WHAT THE TASK REQUIRES |
Write every entry out again exactly, please, and skip the pictures.

PROVIDED RECORDS |
- - -
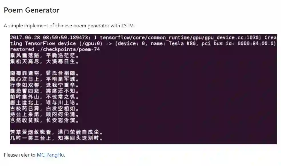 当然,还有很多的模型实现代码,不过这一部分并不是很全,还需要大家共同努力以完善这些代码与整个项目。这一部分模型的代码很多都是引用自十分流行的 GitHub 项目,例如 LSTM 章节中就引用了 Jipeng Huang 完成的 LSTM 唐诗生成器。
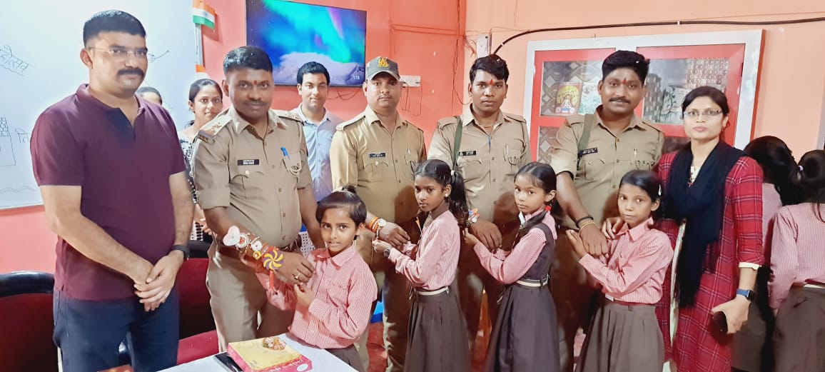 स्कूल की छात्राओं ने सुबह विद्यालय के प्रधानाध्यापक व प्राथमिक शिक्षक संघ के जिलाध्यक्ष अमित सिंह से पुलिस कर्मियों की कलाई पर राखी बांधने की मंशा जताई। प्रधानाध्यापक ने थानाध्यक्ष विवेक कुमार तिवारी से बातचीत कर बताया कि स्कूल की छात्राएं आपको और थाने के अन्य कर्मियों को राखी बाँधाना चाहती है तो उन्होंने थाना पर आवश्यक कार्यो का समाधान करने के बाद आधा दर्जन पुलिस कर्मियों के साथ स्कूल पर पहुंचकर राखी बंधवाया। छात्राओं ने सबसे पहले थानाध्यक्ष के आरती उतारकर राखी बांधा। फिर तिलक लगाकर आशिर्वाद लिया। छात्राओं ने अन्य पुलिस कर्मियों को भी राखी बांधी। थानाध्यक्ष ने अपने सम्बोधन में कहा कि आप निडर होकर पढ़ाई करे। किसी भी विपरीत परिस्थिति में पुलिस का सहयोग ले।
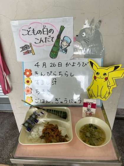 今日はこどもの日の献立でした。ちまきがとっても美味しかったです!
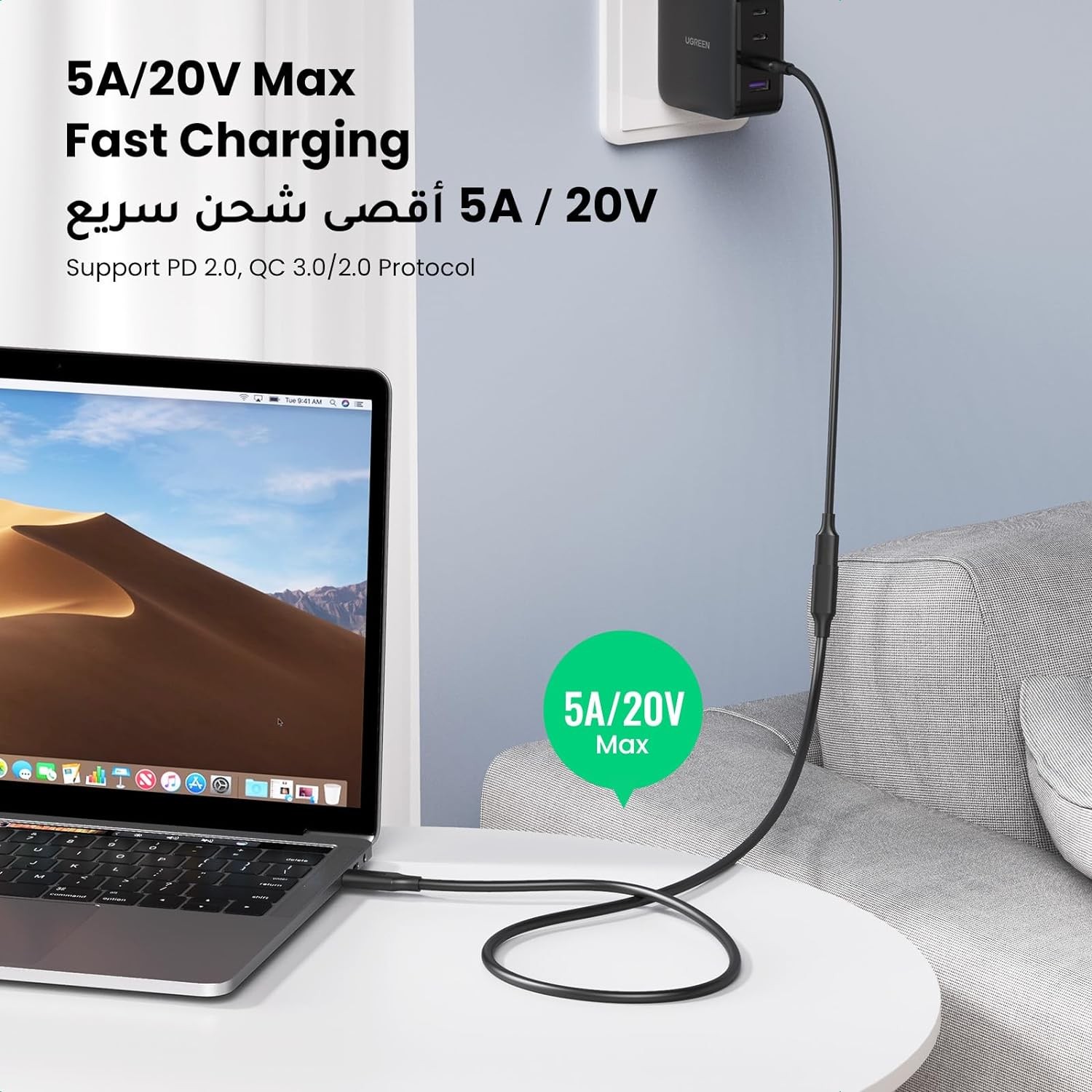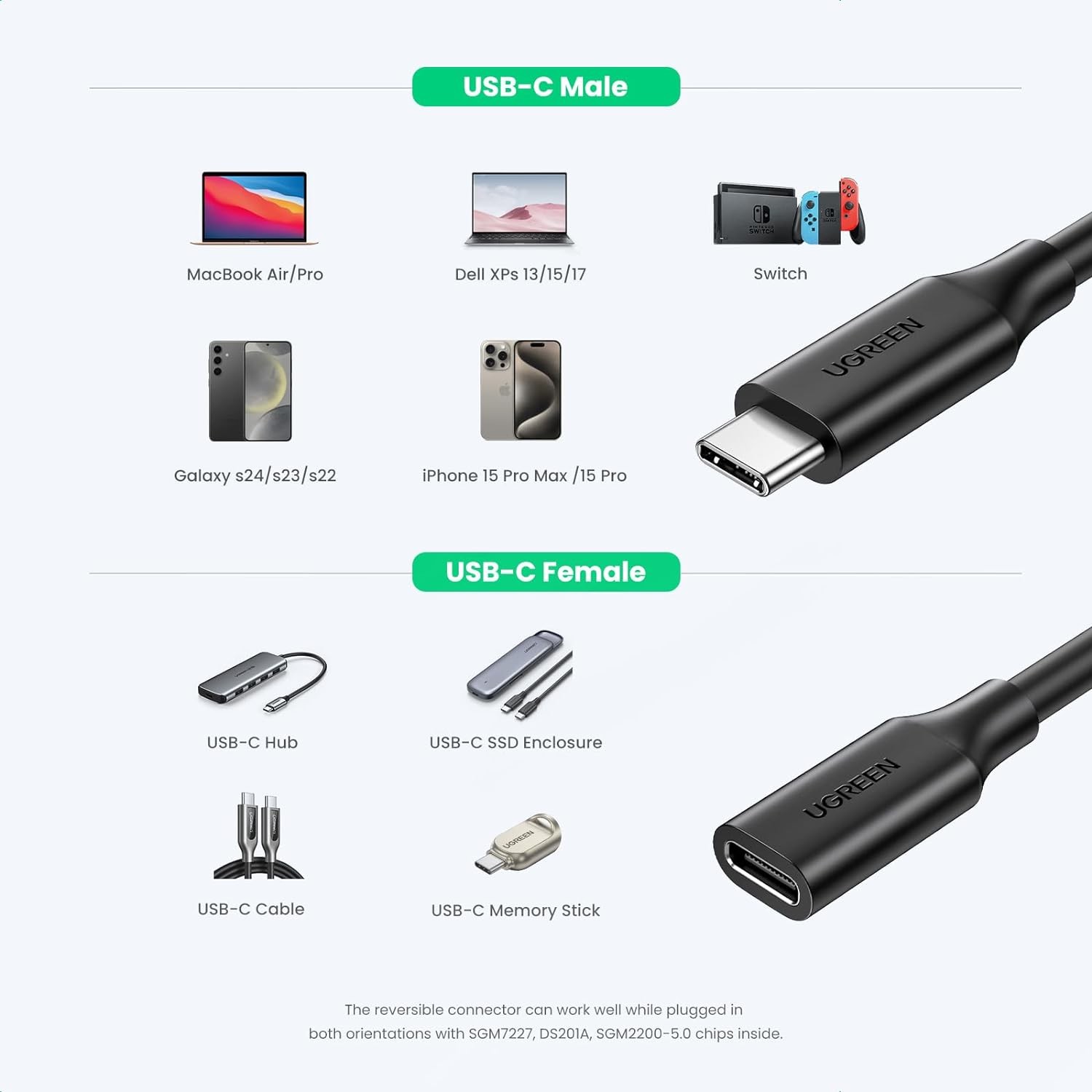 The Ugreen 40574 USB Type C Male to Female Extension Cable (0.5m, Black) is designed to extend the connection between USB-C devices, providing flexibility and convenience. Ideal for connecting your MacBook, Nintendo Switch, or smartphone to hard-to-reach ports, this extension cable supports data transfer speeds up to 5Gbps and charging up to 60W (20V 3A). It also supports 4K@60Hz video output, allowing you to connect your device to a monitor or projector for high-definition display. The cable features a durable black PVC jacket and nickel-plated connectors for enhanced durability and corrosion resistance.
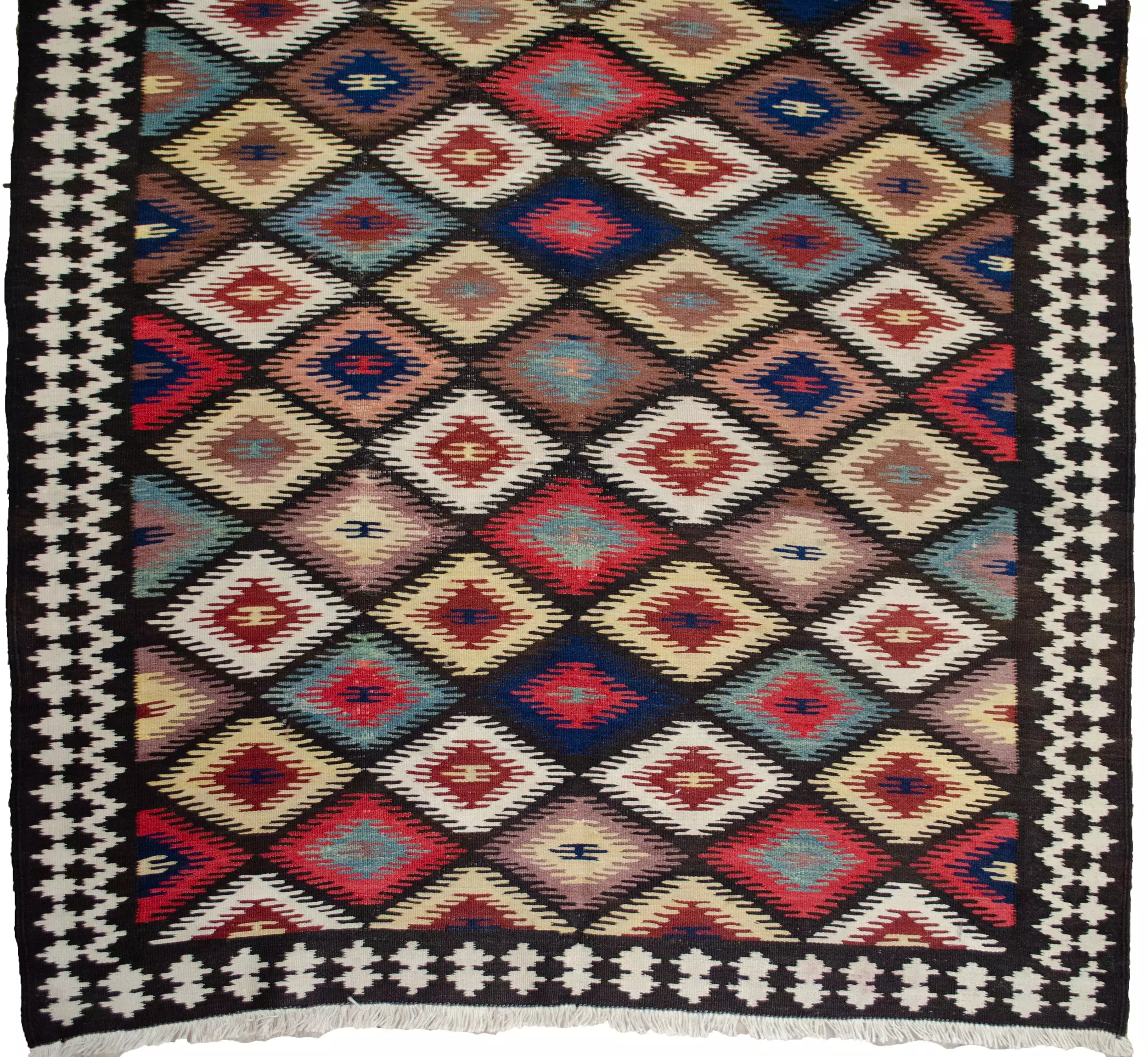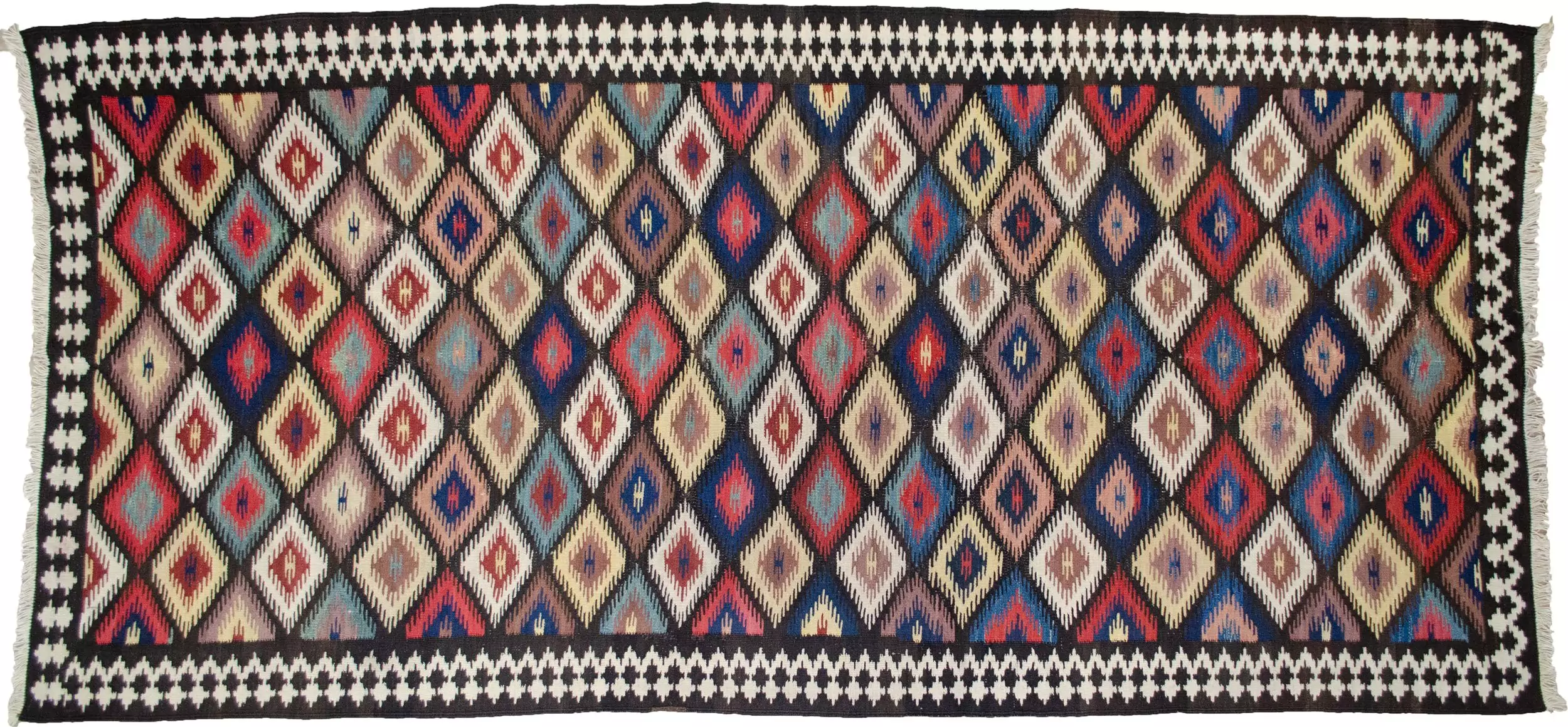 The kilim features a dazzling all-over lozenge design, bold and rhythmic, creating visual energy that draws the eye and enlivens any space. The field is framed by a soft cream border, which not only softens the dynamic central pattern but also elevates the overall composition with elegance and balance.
- - -
SOLVED PROBLEM |
 当然,还有很多的模型实现代码,不过这一部分并不是很全,还需要大家共同努力以完善这些代码与整个项目。这一部分模型的代码很多都是引用自十分流行的 GitHub 项目,例如 LSTM 章节中就引用了 Jipeng Huang 完成的 LSTM 唐诗生成器。
 स्कूल की छात्राओं ने सुबह विद्यालय के प्रधानाध्यापक व प्राथमिक शिक्षक संघ के जिलाध्यक्ष अमित सिंह से पुलिस कर्मियों की कलाई पर राखी बांधने की मंशा जताई। प्रधानाध्यापक ने थानाध्यक्ष विवेक कुमार तिवारी से बातचीत कर बताया कि स्कूल की छात्राएं आपको और थाने के अन्य कर्मियों को राखी बाँधाना चाहती है तो उन्होंने थाना पर आवश्यक कार्यो का समाधान करने के बाद आधा दर्जन पुलिस कर्मियों के साथ स्कूल पर पहुंचकर राखी बंधवाया। छात्राओं ने सबसे पहले थानाध्यक्ष के आरती उतारकर राखी बांधा। फिर तिलक लगाकर आशिर्वाद लिया। छात्राओं ने अन्य पुलिस कर्मियों को भी राखी बांधी। थानाध्यक्ष ने अपने सम्बोधन में कहा कि आप निडर होकर पढ़ाई करे। किसी भी विपरीत परिस्थिति में पुलिस का सहयोग ले।
 今日はこどもの日の献立でした。ちまきがとっても美味しかったです!
 The Ugreen 40574 USB Type C Male to Female Extension Cable (0.5m, Black) is designed to extend the connection between USB-C devices, providing flexibility and convenience. Ideal for connecting your MacBook, Nintendo Switch, or smartphone to hard-to-reach ports, this extension cable supports data transfer speeds up to 5Gbps and charging up to 60W (20V 3A). It also supports 4K@60Hz video output, allowing you to connect your device to a monitor or projector for high-definition display. The cable features a durable black PVC jacket and nickel-plated connectors for enhanced durability and corrosion resistance.
 The kilim features a dazzling all-over lozenge design, bold and rhythmic, creating visual energy that draws the eye and enlivens any space. The field is framed by a soft cream border, which not only softens the dynamic central pattern but also elevates the overall composition with elegance and balance.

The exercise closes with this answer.